15 thoughts on “Daunte Wright Dining Car Specials On The George Floyd Ethics Train Wreck…

  1. Great letter. We plan to write as well. We’ve “canceled” baseball in our house after years of shared love and passion for the game. It sucks, but like Diet Coke, it has to disappear for awhile from consumers so that it hits some of these idiots hard where it hurts: in the pocketbook.

  2. #1 Only a year? The MSM has been referring to Trayvon as a murder victim and Mr. Zimmerman a murderer since the day following the actual event… and don’t appear to be considering stopping.

  3. Where do we send a letter like that?

    for some reasons my comments aren’t showing up 😦

    I have something very important to share with you that I think you’d want to know. 🙂 it’s a “scoop” of sorts.

      • I don’t even recall now what post they were for… but the thing about the “fowchee dossier” is what i wanted you to read. not sure if you’ve gotten one sent to you yet via the interwebs… but it’s been hard bound and given to every senator. and that has resulted in some cool things.

        Thanks for finding my posts lol. 🙂

  4. #2 I’m getting the impression that the “system” is setting this up by doing everything they can to unethically prejudice the jury to get an initial murder conviction to satisfy the hordes of irrational people in the streets just to get the whole thing thrown out in an appeal.

    What are your thoughts?

    • I don’t think they care about the appeal and I wouldn’t bet on it being thrown out on appeal. You maybe are under the impression that the criminal justice system doesn’t routinely rig the system to get the outcome they want. I will not be shocked in Chauvin is convicted on all counts, the conviction is upheld on appeal, and appeal to the state supreme court are denied. Look at what happened to Michael Flynn, in the full view of the public. Remember that Michael Cohen is in jail for things that weren’t crimes. Remember that the prosecutor of the McCloskey’s in St. Louis ordered Mrs. McClosky’s pistol to be reassembled in working order (she couldn’t be charged under the law chosen if the gun didn’t work) and then charged McClosky with evidence tampering! Now, charges were eventually dropped against Cliven Bundy and the government was forbidden to retry him, but that is only because Bundy’s attorney had a lot of evidence of government misconduct in the case (like the fact that he seemingly only owed $8,000, not the millions reported and the snipers the government denied were there were confirmed by government documents). I don’t think a Bundy outcome in this case is likely, though.

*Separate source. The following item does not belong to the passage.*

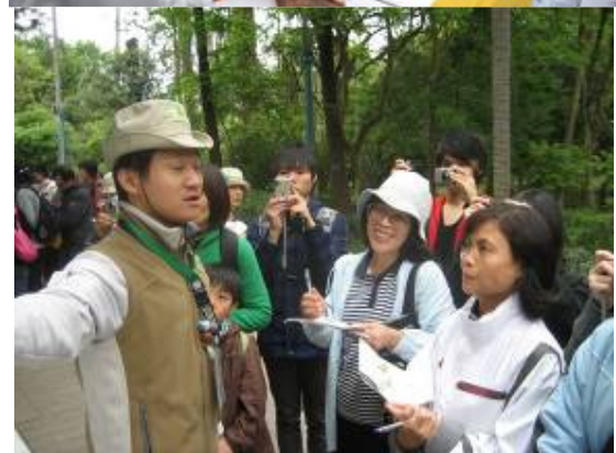
瞧瞧咱們小朱老師功力,閉著眼都能講!
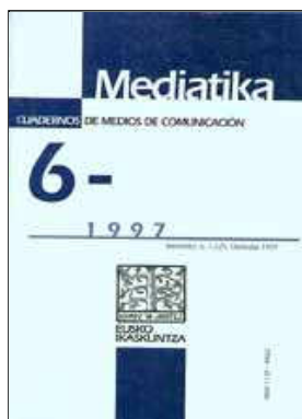
MEDIATIKA. Cuadernos de Medios de Comunicación Donostia : Eusko Ikaskuntza. - N° 6 (1998), N° 7 (1999)

MEDIATIKA : un espacio abierto para la investigación y el debate sobre comunicación.

      They don’t care anymore. They don’t care about being biased, they don’t care about not following the law. They laugh about us ‘little people’ or ‘dumb money’ openly while laughing about how they can violate the law, but they will charge us for exercising our rights. They have politicized the military and no one says anything about it. They even openly call for racial discrimination. They don’t care, they don’t have to care. Trump is gone, they can do whatever they want and there is no one to stop them.

  5. #2 – Nelson has been making a ongoing request to sequester the jury and denied each time. I’d say it has been nearly every day. The WaPo made the point that most or all of the jurors would have received civil unrest push texts and emergency alerts regarding civil unrest related to the Daunte Wright protests. I don’t see how this case results in anything other than guilty due to jury intimidation.